Listed entries:
_ _ _
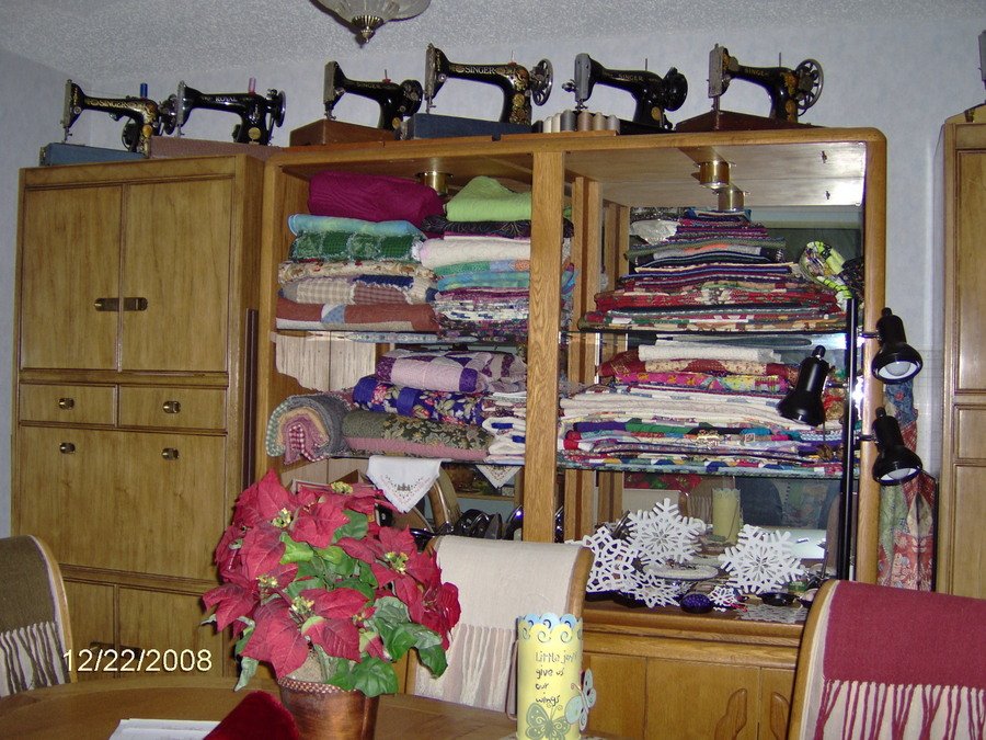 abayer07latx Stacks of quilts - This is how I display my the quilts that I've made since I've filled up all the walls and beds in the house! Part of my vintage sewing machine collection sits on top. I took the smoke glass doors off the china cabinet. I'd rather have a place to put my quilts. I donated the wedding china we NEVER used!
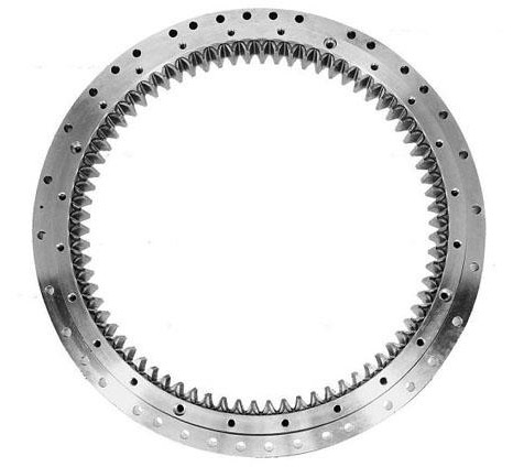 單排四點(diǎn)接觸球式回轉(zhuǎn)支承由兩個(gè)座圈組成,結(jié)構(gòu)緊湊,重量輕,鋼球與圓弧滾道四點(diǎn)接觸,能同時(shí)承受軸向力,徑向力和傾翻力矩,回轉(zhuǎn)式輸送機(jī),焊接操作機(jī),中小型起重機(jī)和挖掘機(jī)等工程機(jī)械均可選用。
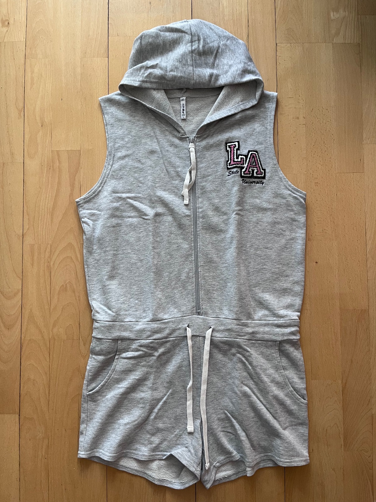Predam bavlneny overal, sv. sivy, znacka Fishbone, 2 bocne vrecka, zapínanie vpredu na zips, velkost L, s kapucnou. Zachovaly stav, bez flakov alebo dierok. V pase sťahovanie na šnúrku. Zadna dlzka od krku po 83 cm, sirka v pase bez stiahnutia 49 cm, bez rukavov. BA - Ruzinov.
_ _ _
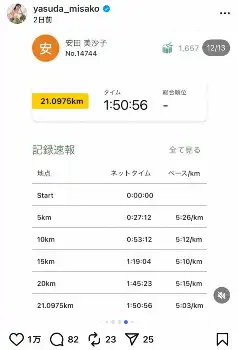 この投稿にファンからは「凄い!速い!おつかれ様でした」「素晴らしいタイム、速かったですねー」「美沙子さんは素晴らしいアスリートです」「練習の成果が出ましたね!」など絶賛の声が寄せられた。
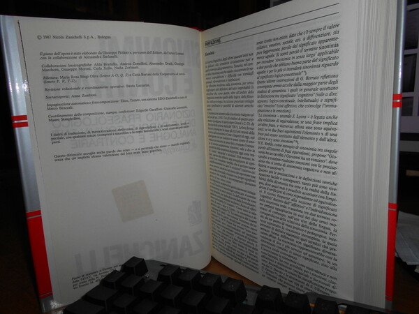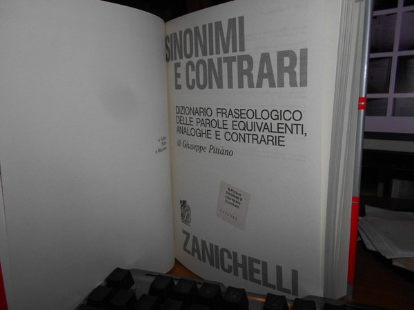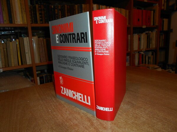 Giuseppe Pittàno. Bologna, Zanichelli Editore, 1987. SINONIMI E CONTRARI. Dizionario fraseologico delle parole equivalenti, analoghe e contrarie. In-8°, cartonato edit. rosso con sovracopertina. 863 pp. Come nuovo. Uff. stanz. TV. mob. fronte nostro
_ _ _
What is expected: Find the line with "abayer07latx Stacks of" and the line with "Predam bavlneny overal, sv." in the records above. Copy both and all lines between them exactly, without pictures.

Written reply:
 abayer07latx Stacks of quilts - This is how I display my the quilts that I've made since I've filled up all the walls and beds in the house! Part of my vintage sewing machine collection sits on top. I took the smoke glass doors off the china cabinet. I'd rather have a place to put my quilts. I donated the wedding china we NEVER used!
 單排四點(diǎn)接觸球式回轉(zhuǎn)支承由兩個(gè)座圈組成,結(jié)構(gòu)緊湊,重量輕,鋼球與圓弧滾道四點(diǎn)接觸,能同時(shí)承受軸向力,徑向力和傾翻力矩,回轉(zhuǎn)式輸送機(jī),焊接操作機(jī),中小型起重機(jī)和挖掘機(jī)等工程機(jī)械均可選用。
Predam bavlneny overal, sv. sivy, znacka Fishbone, 2 bocne vrecka, zapínanie vpredu na zips, velkost L, s kapucnou. Zachovaly stav, bez flakov alebo dierok. V pase sťahovanie na šnúrku. Zadna dlzka od krku po 83 cm, sirka v pase bez stiahnutia 49 cm, bez rukavov. BA - Ruzinov.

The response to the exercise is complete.